Tensorflow

협업 필터링을 활용한 영화 추천

카카오그래놀라 2020. 12. 19. 01:10

Collaborative Filtering for Movie Recommendations

Author: Siddhartha Banerjee
Date created: 2020/05/24
Last modified: 2020/05/24
Description: Recommending movies using a model trained on Movielens dataset.

- Keras

- Colab

- Github

 

Introduction

 Movielens dataset을 활용하여 협업 필터링을 적용하여 사용자에게 영화를 추천하는 방법에 대해 알아봅시다. MovieLens 영화 평점 데이터 세트는 사용자가 영화에 부여한 평점을 담고 있습니다. 우리의 목표는 사용자가 아직 보지 않은 영화의 평점을 예측하는 것입니다. 이후, 가장 높은 예상 평점을 가진 영화를 사용자에게 추천 할 수 있습니다.

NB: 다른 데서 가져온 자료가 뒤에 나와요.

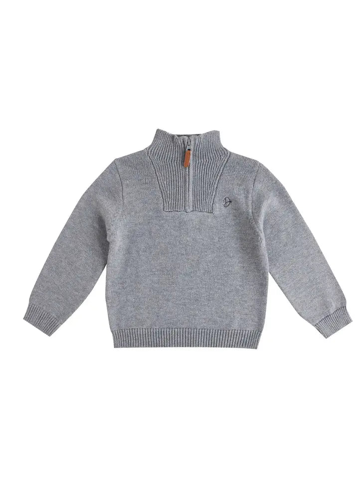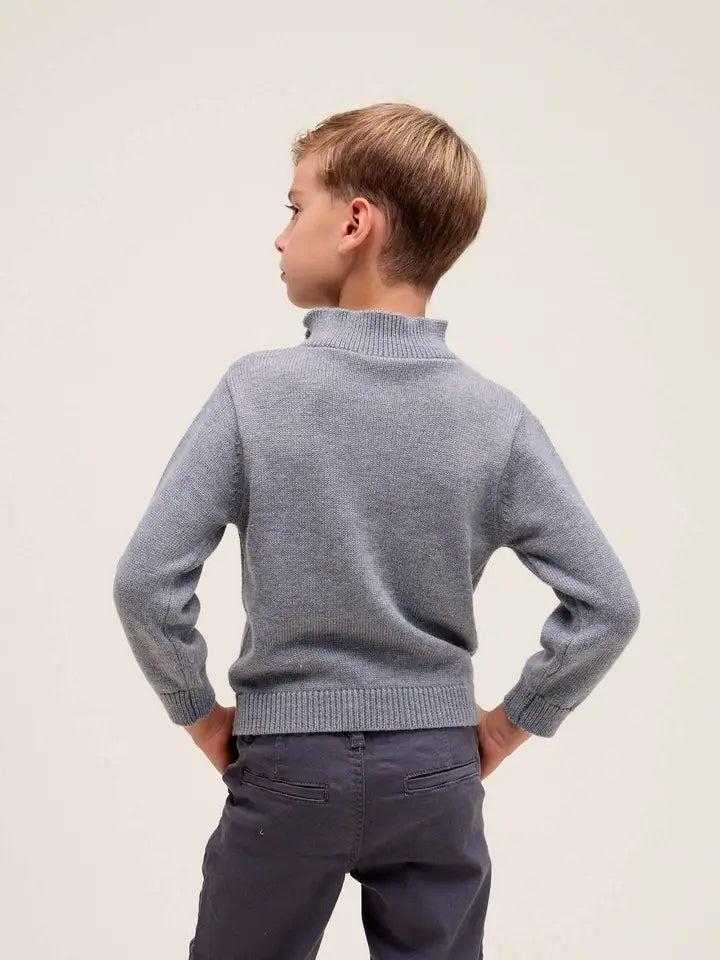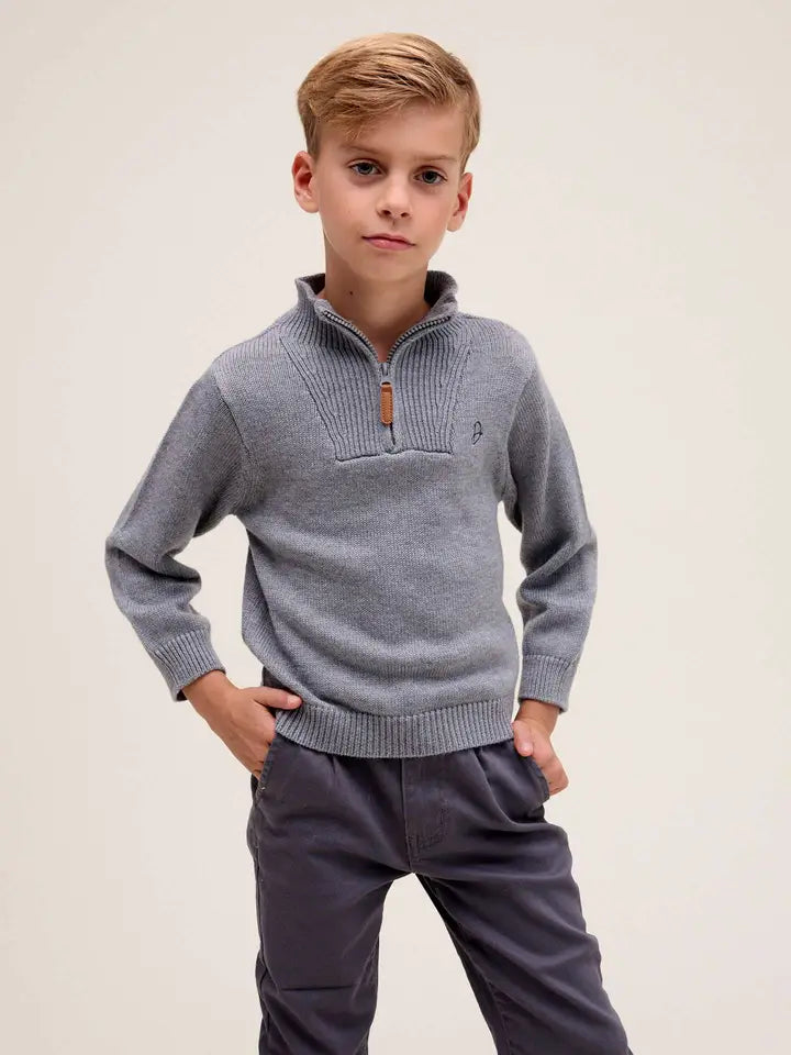 Maglioncino con cerniera grigio in maglia morbida, ideale per i tuoi bambini. Collo alto con zip pratica per un'indossabilità facile, maniche lunghe che garantiscono calore e protezione. Design moderno e versatile, perfetto per ogni occasione, dalla scuola al tempo libero. Comfort senza compromessi: la maglia avvolgente offre libertà di movimento mentre mantiene il tuo piccolo al caldo con eleganza. Un capo essenziale che combina praticità e stile, destinato a diventare il preferito del guardaroba invernale.

 This example demonstrates Collaborative filtering using the Movielens dataset to recommend movies to users. The MovieLens ratings dataset lists the ratings given by a set of users to a set of movies. Our goal is to be able to predict ratings for movies a user has not yet watched. The movies with the highest predicted ratings can then be recommended to the user.

 

모델의 단계는 다음과 같습니다.

1. 임베딩 매트릭스를 통해 유저 ID를 "유저 벡터"에 매핑
2. 임베딩 매트릭스를 통해 영화 ID를 "영화 벡터"에 매핑
3. 유저 벡터와 영화 벡터 간의 내적을 계산하여 유저와 영화 간의 일치 점수를 얻습니다 (예측 평점).
4. 알려진 모든 유저-영화 쌍을 사용하여 경사하강법을 통해 임베딩을 훈련합니다.

 

The steps in the model are as follows:

  1. Map user ID to a "user vector" via an embedding matrix

  2. Map movie ID to a "movie vector" via an embedding matrix

  3. Compute the dot product between the user vector and movie vector, to obtain the a match score between the user and the movie (predicted rating).

  4. Train the embeddings via gradient descent using all known user-movie pairs.

 

References:

 

Setup

import pandas as pd
import numpy as np
from zipfile import ZipFile
import tensorflow as tf
from tensorflow import keras
from tensorflow.keras import layers
from pathlib import Path
import matplotlib.pyplot as plt

 

데이터 로드

# First, load the data and apply preprocessing
# Download the actual data from http://files.grouplens.org/datasets/movielens/ml-latest-small.zip"
# Use the ratings.csv file
movielens_data_file_url = (
    "http://files.grouplens.org/datasets/movielens/ml-latest-small.zip"
)
movielens_zipped_file = keras.utils.get_file(
    "ml-latest-small.zip", movielens_data_file_url, extract=False
)
keras_datasets_path = Path(movielens_zipped_file).parents[0]
movielens_dir = keras_datasets_path / "ml-latest-small"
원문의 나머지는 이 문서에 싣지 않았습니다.